What you need to do: How do the lines below between the ones holding "Corine de Farme" and "또, 시그니처광교 지식산업센터", inclusive, read? Give them again exactly, with no other lines.

Extracted records:
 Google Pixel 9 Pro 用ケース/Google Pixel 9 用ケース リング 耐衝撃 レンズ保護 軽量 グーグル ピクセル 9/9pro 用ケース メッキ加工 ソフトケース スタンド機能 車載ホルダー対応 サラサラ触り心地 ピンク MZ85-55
---
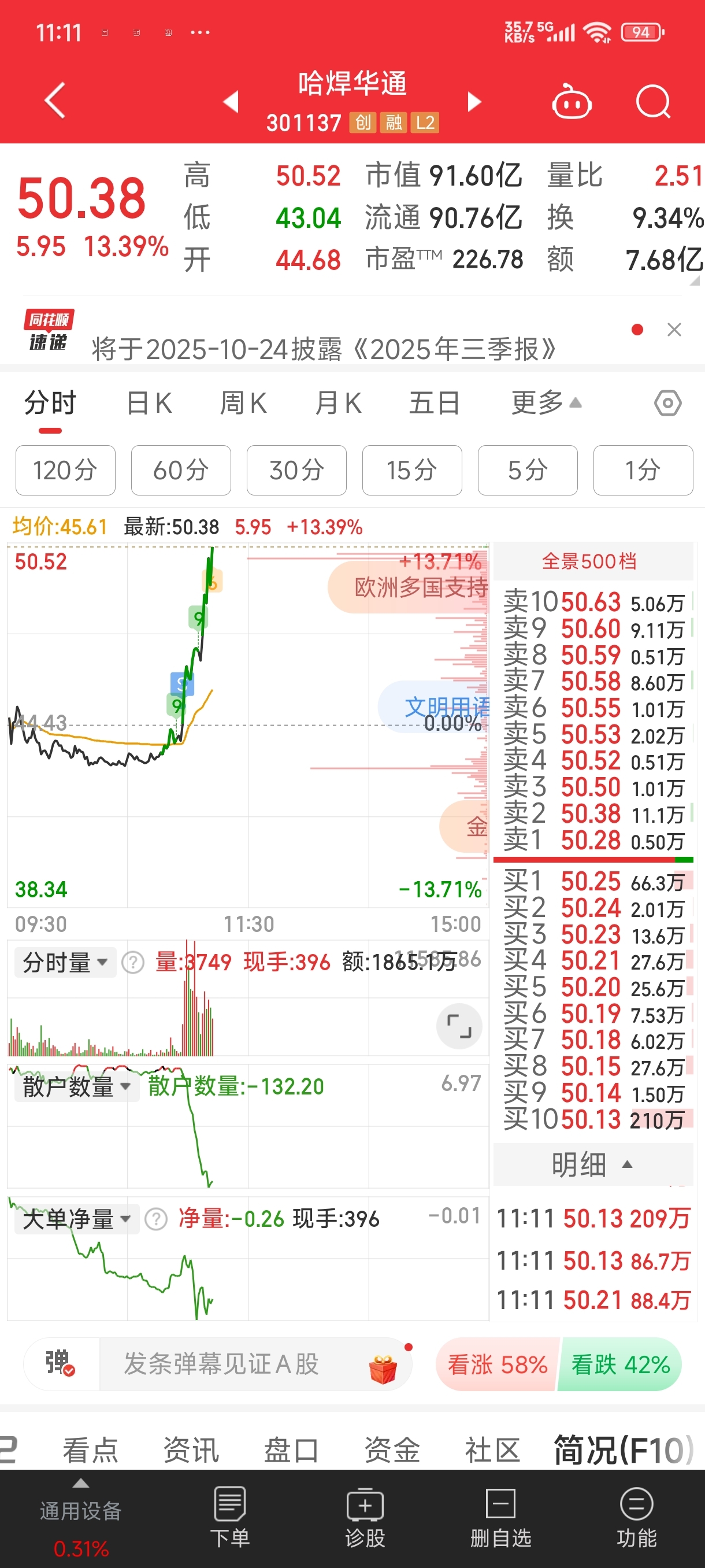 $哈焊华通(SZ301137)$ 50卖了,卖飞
==
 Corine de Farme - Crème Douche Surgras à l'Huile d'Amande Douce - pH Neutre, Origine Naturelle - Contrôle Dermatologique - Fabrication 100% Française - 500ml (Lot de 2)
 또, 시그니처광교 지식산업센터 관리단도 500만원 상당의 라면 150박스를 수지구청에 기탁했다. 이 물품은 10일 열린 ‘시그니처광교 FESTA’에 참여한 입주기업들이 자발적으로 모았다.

Reply to the task:
 Corine de Farme - Crème Douche Surgras à l'Huile d'Amande Douce - pH Neutre, Origine Naturelle - Contrôle Dermatologique - Fabrication 100% Française - 500ml (Lot de 2)
 또, 시그니처광교 지식산업센터 관리단도 500만원 상당의 라면 150박스를 수지구청에 기탁했다. 이 물품은 10일 열린 ‘시그니처광교 FESTA’에 참여한 입주기업들이 자발적으로 모았다.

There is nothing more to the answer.